> **Aim of the task**: Below are lines of records; copy exactly those from the one containing "Original erhaltene Stuck-Elemente, historische" through the one containing "The photo shows", leaving the pictures behind.
*** Begin section ***
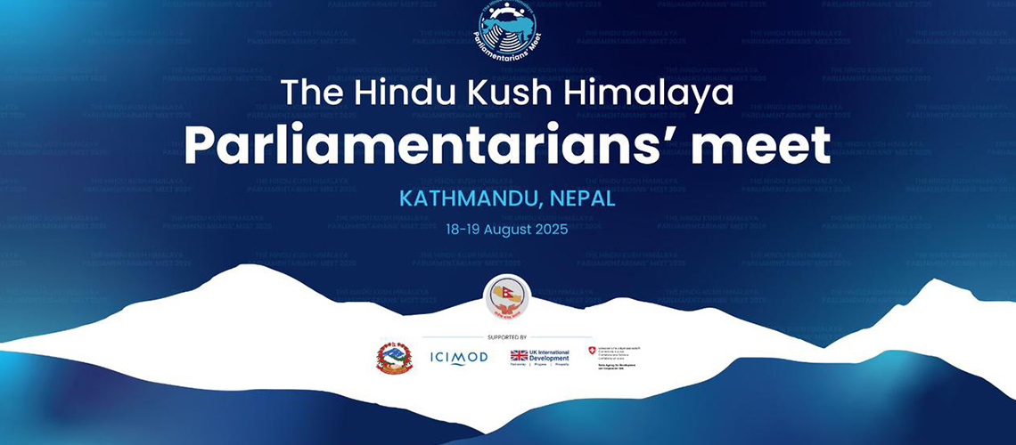 काठमाडौं । ‘हिन्दुकुश हिमालय क्षेत्र’मा पर्ने मुलुकका संसद्बीच साझा धारणा, संवाद र समन्वयका लागि हुन लागेको ‘हिन्दुकुश हिमालय संसदीय बैठक’आजदेखि यहाँ सुरु हुँदैछ। हिन्दुकुश क्षेत्रका मुुलुकका संसद्बीच नीति तथा कानुन निर्माण र दिगो विकासमा ज्ञान, सीप तथा नवीन धारणालाई आदानप्रदान गर्ने उद्देश्यले आयोजित सो बैठकको संयोजक संघीय संसद्, कृषि सहकारी तथा प्राकृतिक स्रोत समितिले गरेको हो ।
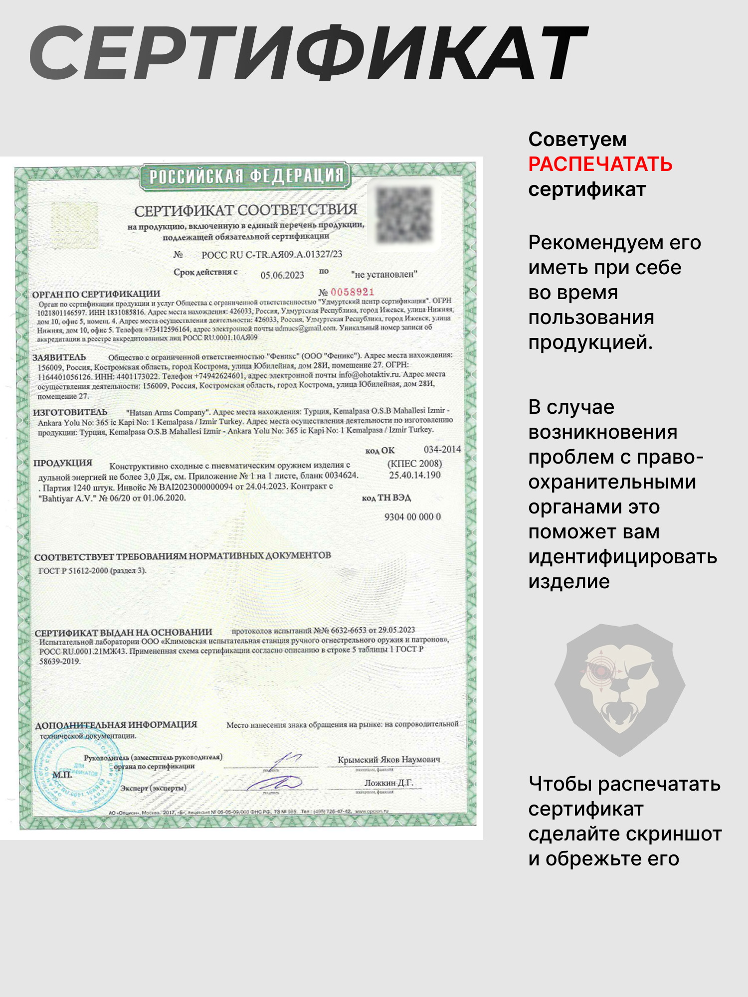 Комплектация | Пистолет, приклад, кейс, заправочный штуцер, упаковка, краткая документация, копия сертификата (по запросу покупателя) |
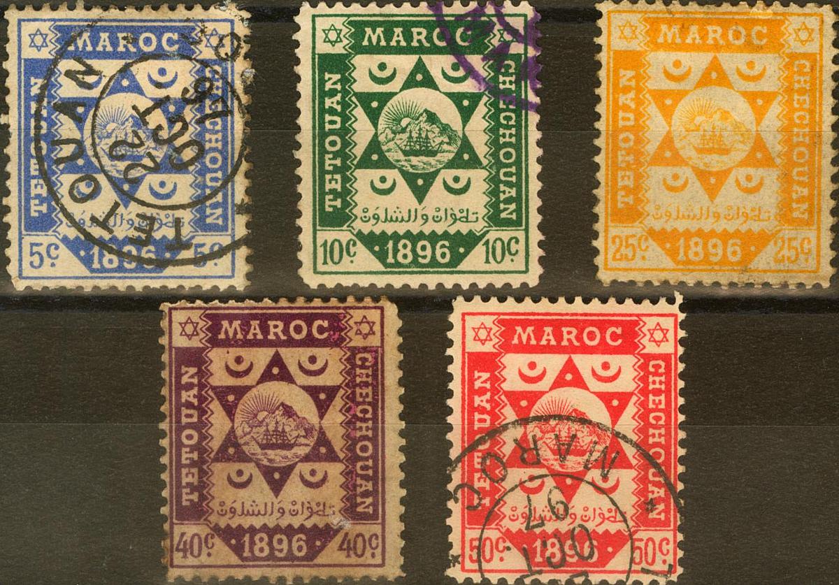 (★)/ 40, 41, 43, 44, 45. 1896. 5 cts azul, 10 cts verde, 25 cts amarillo, 40 cts violeta y 50 cts bermellón. TETUAN-XAVEN. BONITOS Y RAROS.
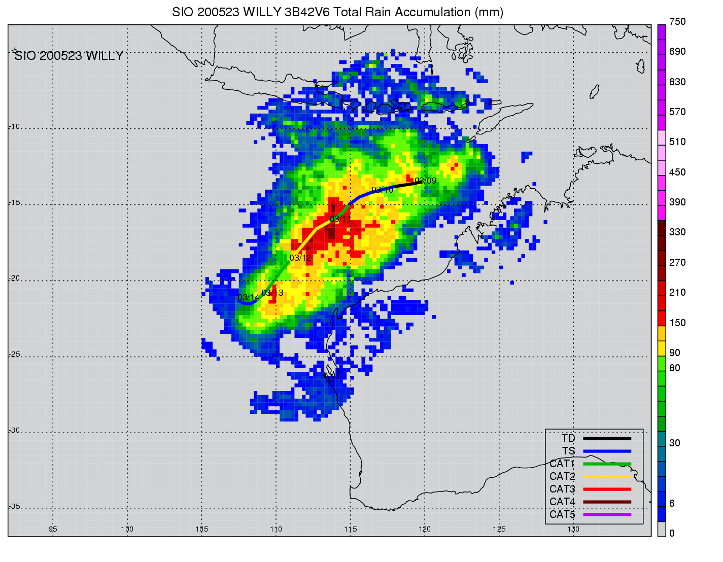 | 10 | 200523 | WILLY | 20050308 - 20050313 | 954 | 90 | 10 | 67 | snapshots | rain accumulation |
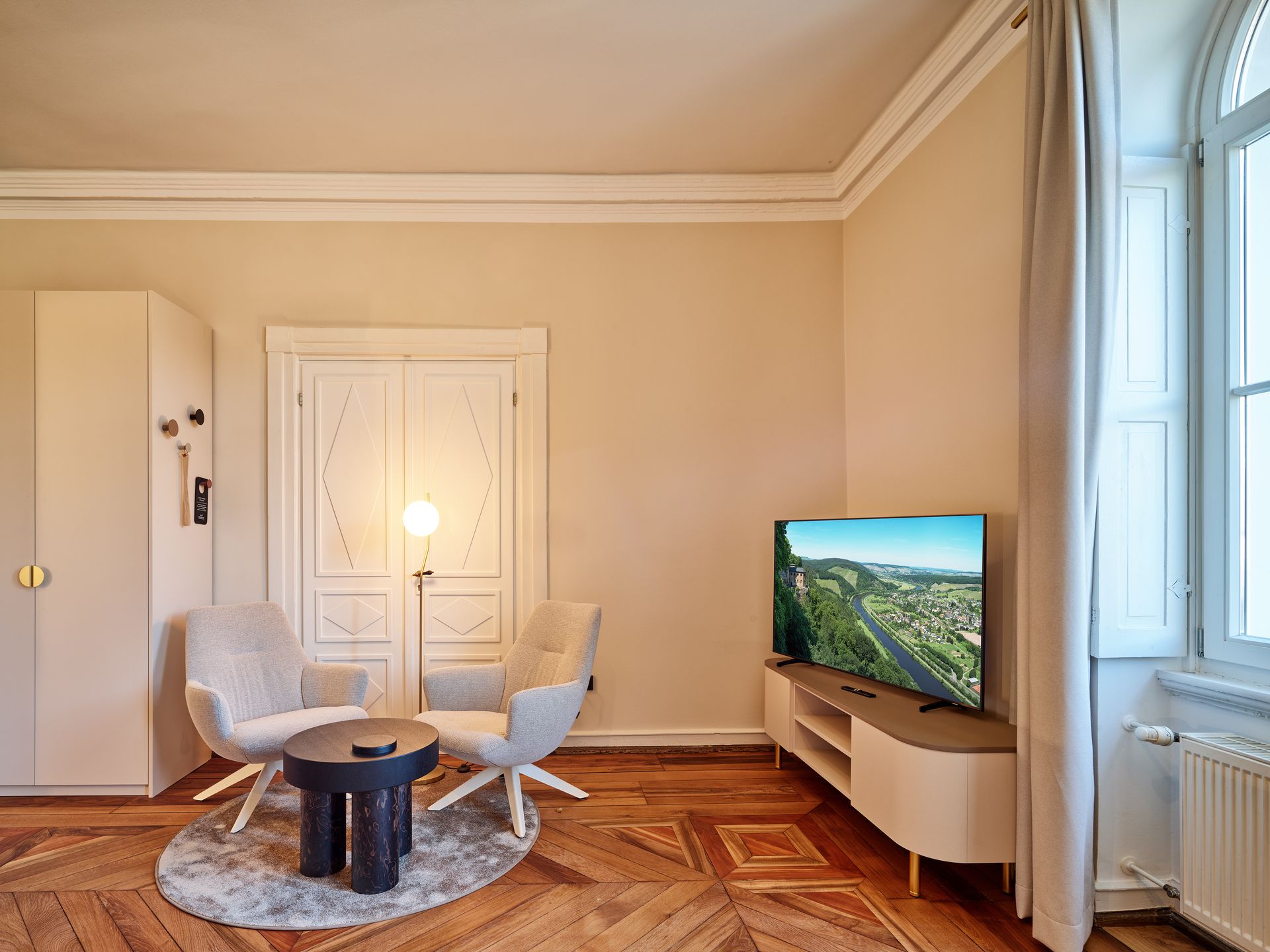 Original erhaltene Stuck-Elemente, historische Parkettböden, authentische Fenster, hochwertige Designer-Möbel und originale Architekturelemente der denkmalgeschützten Villa. Diese einzigartigen Details machen jeden Aufenthalt zu einem kulturellen Erlebnis in Saarburg.
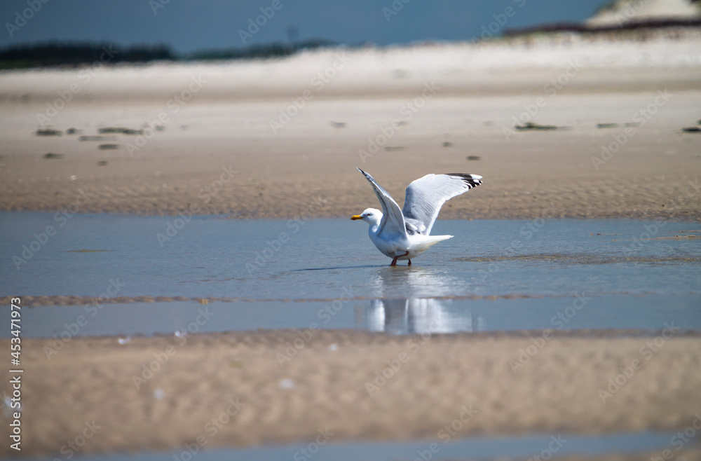 The photo shows a seagull on a North Sea beach
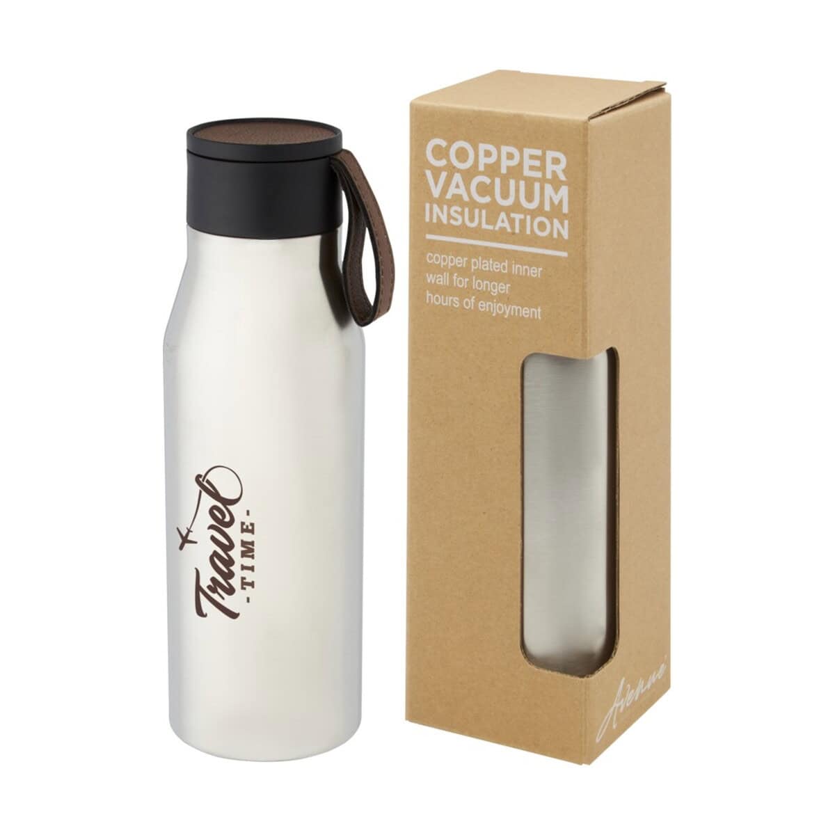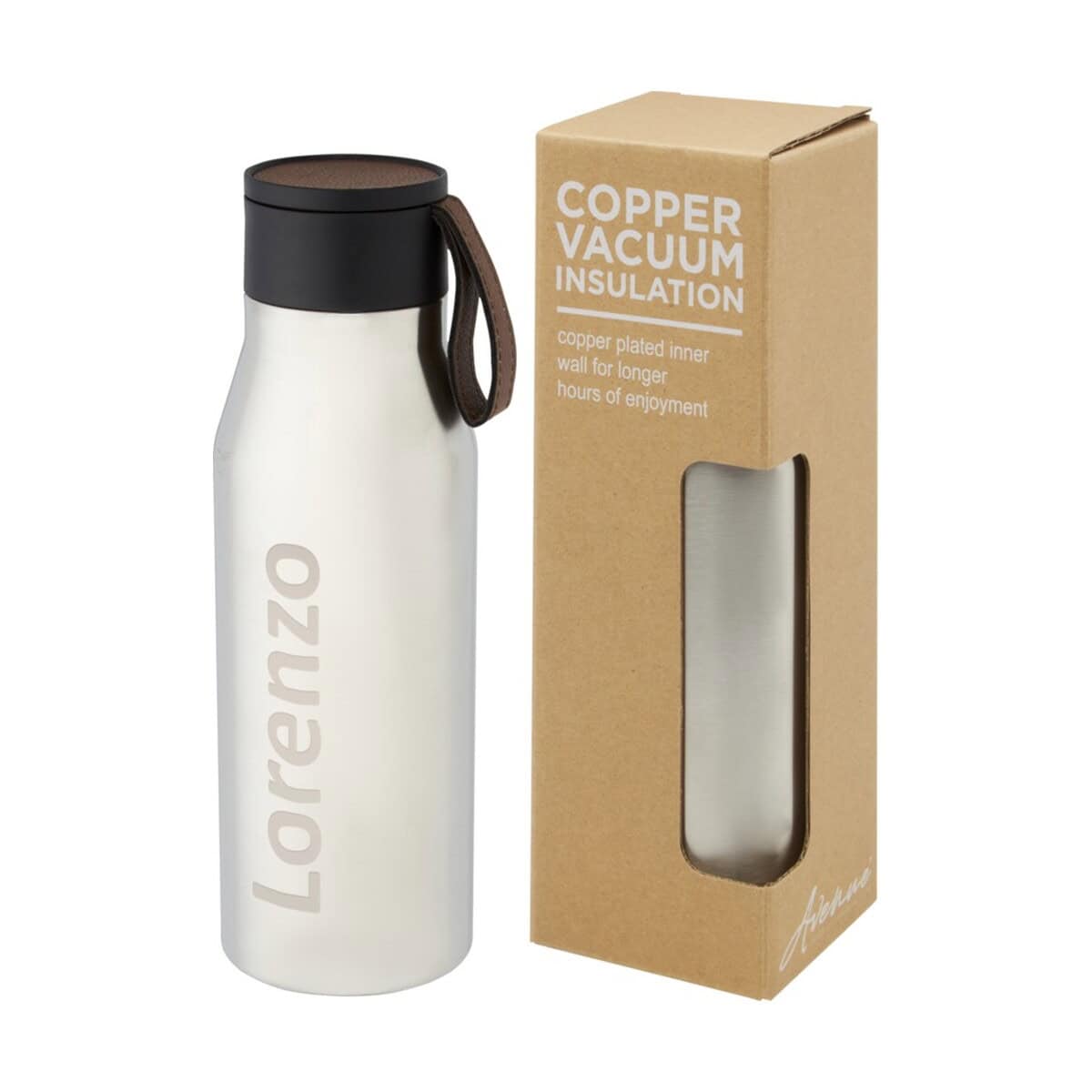 Ljungan Miedziana, izolowana próżniowo butelka ze stali nierdzewnej o pojemności 500 ml z paskiem ze skóry PU i pokrywką to znakomity wybór, gdy poszukujesz efektownego nośnika na logo oraz eleganckiego upominku reklamowego. Jej klasyczna sylwetka (22,9 cm wysokości, Ø 7,4 cm) i lekka waga 275 g sprawiają, że doskonale leży w dłoni, a wbudowany pasek ze skóry PU dodaje stylu i ułatwia przenoszenie. Podwójne ścianki z miedzianą powłoką i izolacją próżniową zapewniają, że kawa pozostaje gorąca nawet przez 8 h, a woda – przyjemnie chłodna do 24 h. 🙂
*** End section ***
> **Written response**:
 Original erhaltene Stuck-Elemente, historische Parkettböden, authentische Fenster, hochwertige Designer-Möbel und originale Architekturelemente der denkmalgeschützten Villa. Diese einzigartigen Details machen jeden Aufenthalt zu einem kulturellen Erlebnis in Saarburg.
 The photo shows a seagull on a North Sea beach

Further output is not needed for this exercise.